Computer scientists at Stony Brook University have developed an algorithm that predicts, with an accuracy reaching 84%, the “success” of a novel. In a paper presented in October at a conference on natural language processing, authors Vikas Ganjigunte, Ashok Song Feng, and Yejin Choi lay out the process by which they analyzed various linguistic characteristics that they found correlated with critical and commercial success (the two are not distinguished in the results). The resulting algorithm was developed from a corpus provided by the online literary archive Project Gutenberg, which contains the full text of some 42,000 books out of copyright.
The researchers then tested their model against a “handful” of more recent works, culled from the lower reaches of the Amazon sales rankings, and were able to “predict,” with a measure of accuracy, the success of these books. Though some outlets, in writing about the study, have noted its amusing identification of Dan Brown’s The Lost Symbol as a less successful book, it was also the only true bestseller the researchers included in their non-Gutenberg set (“because of negative critiques it had attracted from media despite its commercial success”).
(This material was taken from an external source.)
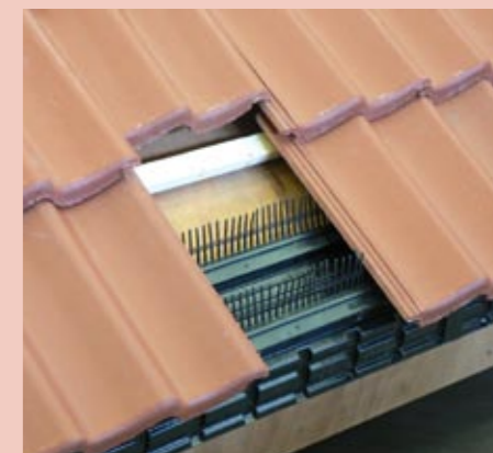
Dakvoet, Monier Vogelvide en pannendek

It was joined in this category of algorithmic condemnation by works from Bernard Malamud, William Faulkner, and Philip Roth.
But the study did deliver some intriguing (and some mundane) conclusions about the shared characteristics of bestsellers: “readability” and — paging Jonathan Franzen — literary success are negatively correlated; a glut of “thinking verbs” will correlate more closely with success than “emotional or action verbs”; and nouns and adjectives win out against verbs.